How to determine number of register per thread How to determine number of register per thread from a

Hello everyone,

Already this is my first post so hopefully I perfect spot at the right post, and sorry for my English but I’m French … External Image

So here’s my problem:

I’m working on a Tesla c2050 in double precision, and watching the result with cuda profile I don’t understand how cuda determined the number of register per threads.
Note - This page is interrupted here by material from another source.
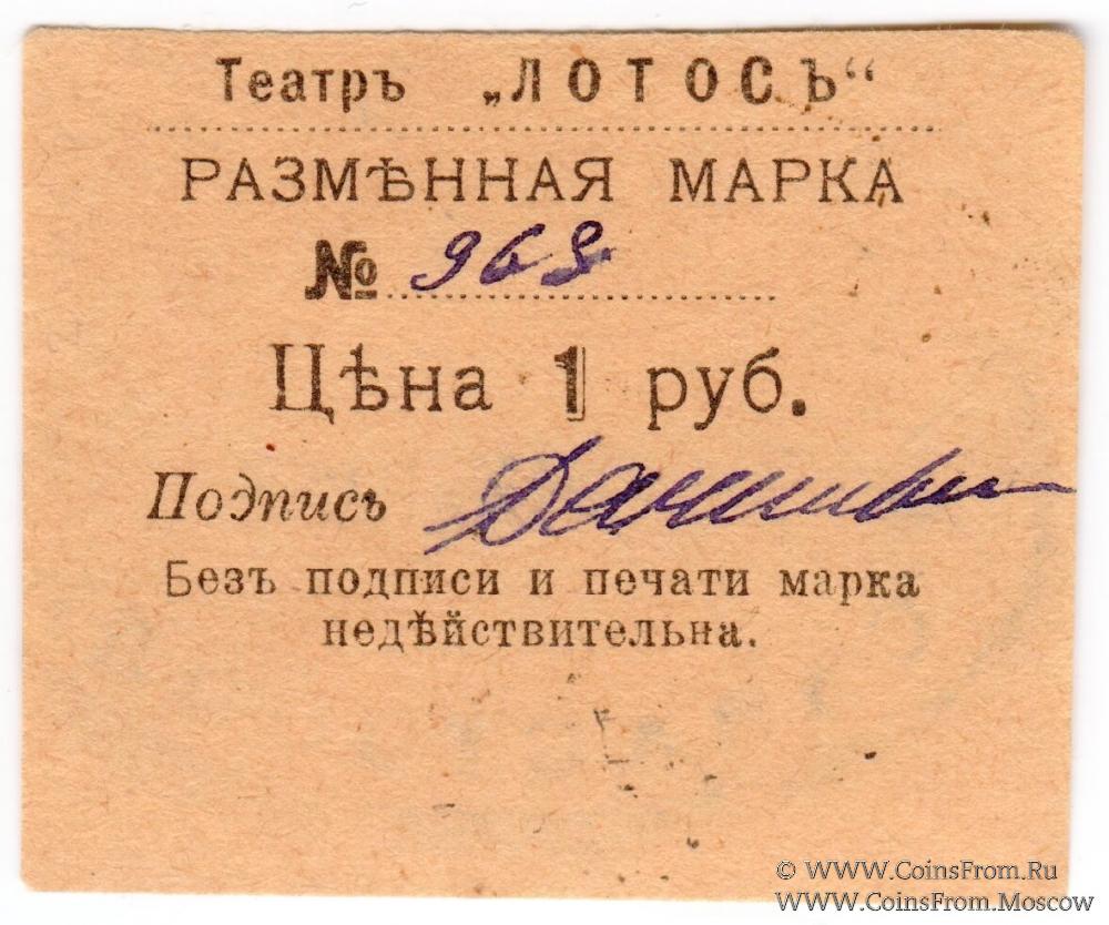 Разменная марка. Бумага кремовая тонкая. Штамп овальный на реверсе с датой 9 мая 1918 г. Театр "ЛОТОС".

For exemple here is kernel (it is a little long sorry):

__global__ void

FindIntersection (int modelId,

		  TModel *models, 

		  int nRay,

		  int *panels,

		  double * thit,

		  double *icrapPtr,

		  double *tPtr,

		  double *nv)

{

  if (blockIdx.x >= nRay) return;

  if (threadIdx.x >= MAX_THREAD_PER_BLOCK_2) return;

__shared__ int s_found;

  __shared__ double s_tmin[MAX_THREAD_PER_BLOCK_2];

  __shared__ int s_ipanel[MAX_THREAD_PER_BLOCK_2];

  s_found = 0;

  s_tmin[threadIdx.x] = MY_INFINITY;

  s_ipanel[threadIdx.x] = -1;

__syncthreads();

int i, delta;

  TModel *model = &models[modelId];

  double th_thit;

delta = (model->nCube / blockDim.x) + 1;

for (i = threadIdx.x * delta ; (i < threadIdx.x * delta + delta) && (i < model->nCube) ; i++)

    {

      th_thit = thit[i * MAX_NB_RAY + blockIdx.x];

      if (th_thit < s_tmin[threadIdx.x])

	{

	  s_tmin[threadIdx.x] = th_thit;

	  s_ipanel[threadIdx.x] = panels[i * MAX_NB_RAY + blockIdx.x];

	  s_found = 1;

	}

    }

__syncthreads();

if (threadIdx.x == 0)

    {

      if (s_found)

	{

	  th_thit = MY_INFINITY;

	  for (i=0 ; i < MAX_THREAD_PER_BLOCK_2 ; i++)

	    {

	      if (s_tmin[i] < th_thit)

		{

		  th_thit = s_tmin[i];

		  delta = s_ipanel[i];

		}

	    }

	  	  

	  icrapPtr[blockIdx.x] = 1;

	  tPtr[blockIdx.x] = th_thit;

	  

	  nv[3 * blockIdx.x] = model->triangles[delta * 12 + 7];

	  nv[3 * blockIdx.x + 1] = model->triangles[delta * 12 + 8];

	  nv[3 * blockIdx.x + 2] = model->triangles[delta * 12 + 9];

	}

      else

	{

	  icrapPtr[blockIdx.x] = 0;

	  tPtr[blockIdx.x] = -1;

	}

    }

}

So from this code, how many register are used by each thread in your opinion ?

Thank you

PS : The correct answer according cuda profile is 24 … BUT WHY ???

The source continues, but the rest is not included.